Geneva Prosecutor Johan Droz in December charged the two founding partners of TG Investments, who left Credit Suisse in 2008 to set up a firm to manage money for their rich Turkish customers, with fraud and criminal mismanagement for forging signatures and faking orders to try to cover losses of at least 150 million Swiss francs ($156 million). G., a Credit Suisse relationship manager who worked with TG Investment Partners to execute account transfers and was charged in December with complicity in fraud, reported to R., the people said.

The widening of the Turkish probe to a second, more senior Credit Suisse manager comes at an awkward time for the bank’s wealth management unit, as one of its former bankers is scheduled to face trial later this year on charges he forged trades to try to cover up losses for his Russian clients. That case, though unrelated, also took place in Geneva and involved a key emerging market where Credit Suisse CEO Tidjane Thiam is looking to expand in wealth management as returns from trading securities slow.

R. was fired from the bank earlier this year, a person familiar with the situation said.

‘Hasty’

David Bitton, her lawyer, said the charges against R. are “hasty and contradict the facts” of the case. “My client never met the clients of TG, never met the TG partners and was not in charge of this relationship with Credit Suisse,” he said by telephone.

Saverio Lembo, a lawyer for G. who was suspended by the bank in 2015 and later fired, said his client “feels betrayed by the unsuspected and sophisticated fraud” by the two TG partners. G.’s role was at the lower end of the management chain with no decision-making power and his actions were within the law, Lembo said.

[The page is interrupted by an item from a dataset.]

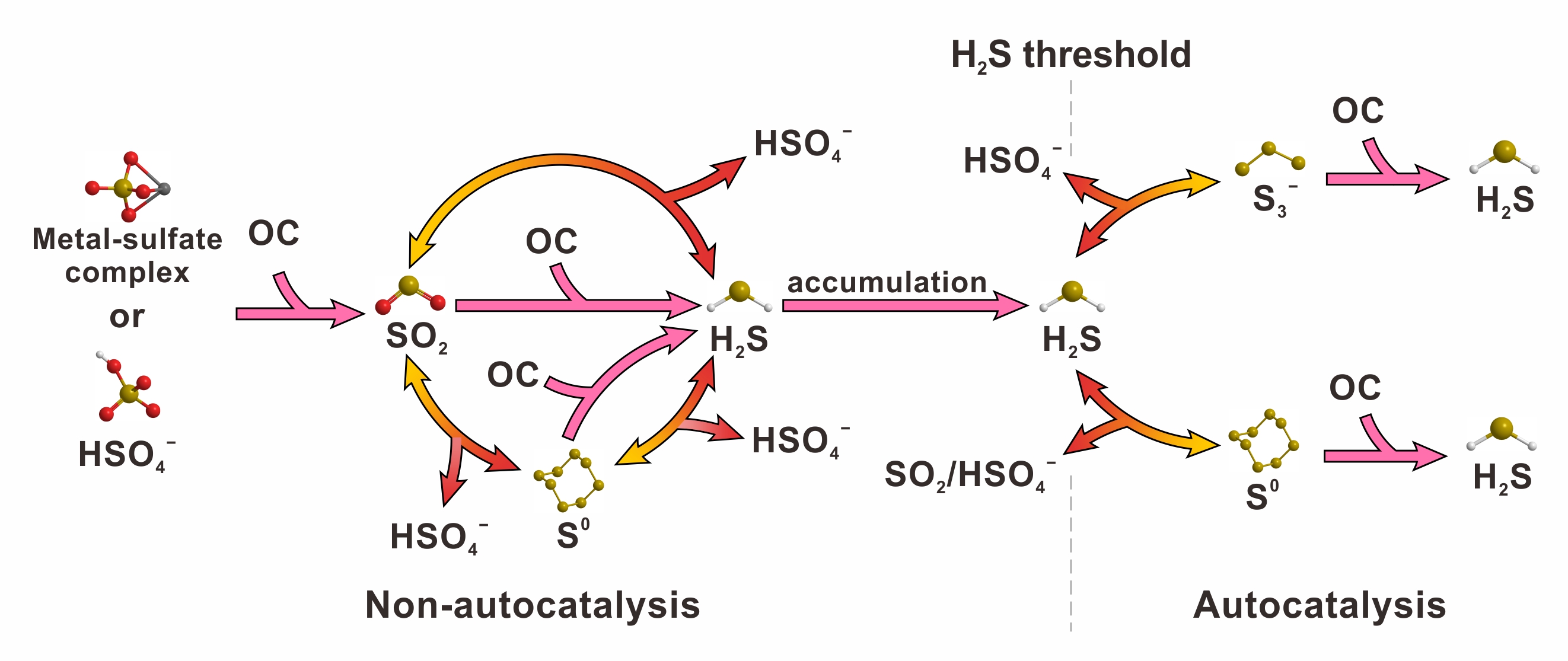 实验结果显示(以Na2SO4-H2SO4-CH4-N2-H2O体系(N2为内标)为例;图1),TSR反应中硫的转化由一系列还原、歧化和归中反应组成。硫酸盐首先被甲烷还原生成SO2,SO2再进一步被还原或歧化产生H2S。当H2S累积到门限浓度后,其与硫酸盐或SO2反应生成中间价态硫,即S0和S3-,它们随后被烃类快速还原生成H2S,同时,烃类被氧化形成CO2。本文提供了S0和S3-快速氧化烃类的直接实验证据,阐明了S0和S3-的形成是TSR自催化反应的关键。TSR反应过程中硫的转化路径如图2所示。

Gregoire Rey, a lawyer for one of the two TG partners who can only be identified as H., has acknowledged the trades but has previously said that his client never intended to profit from the transaction and was only doing it to cover the unexpected losses. Ilir Cenko, a lawyer for the second TG partner, was away and not immediately available to comment.

Single Individual

Droz said in an interview in March that it’s likely more Credit Suisse employees will be investigated. The Geneva prosecutor has also considered investigating the bank for money laundering, people familiar with the case said, though two of them have said that is unlikely. Under Swiss law, a bank can be found to have violated Switzerland’s anti-money-laundering law if a judge determines that it didn’t do enough to stop the transfers and that guilt cannot be attributed to a single individual.

“The criminal investigation is directed against representatives of TG Investment and two former Credit Suisse employees, and not against Credit Suisse,” the bank said in an emailed statement, adding that it “complies with all applicable laws and regulations in all countries in which it operates.”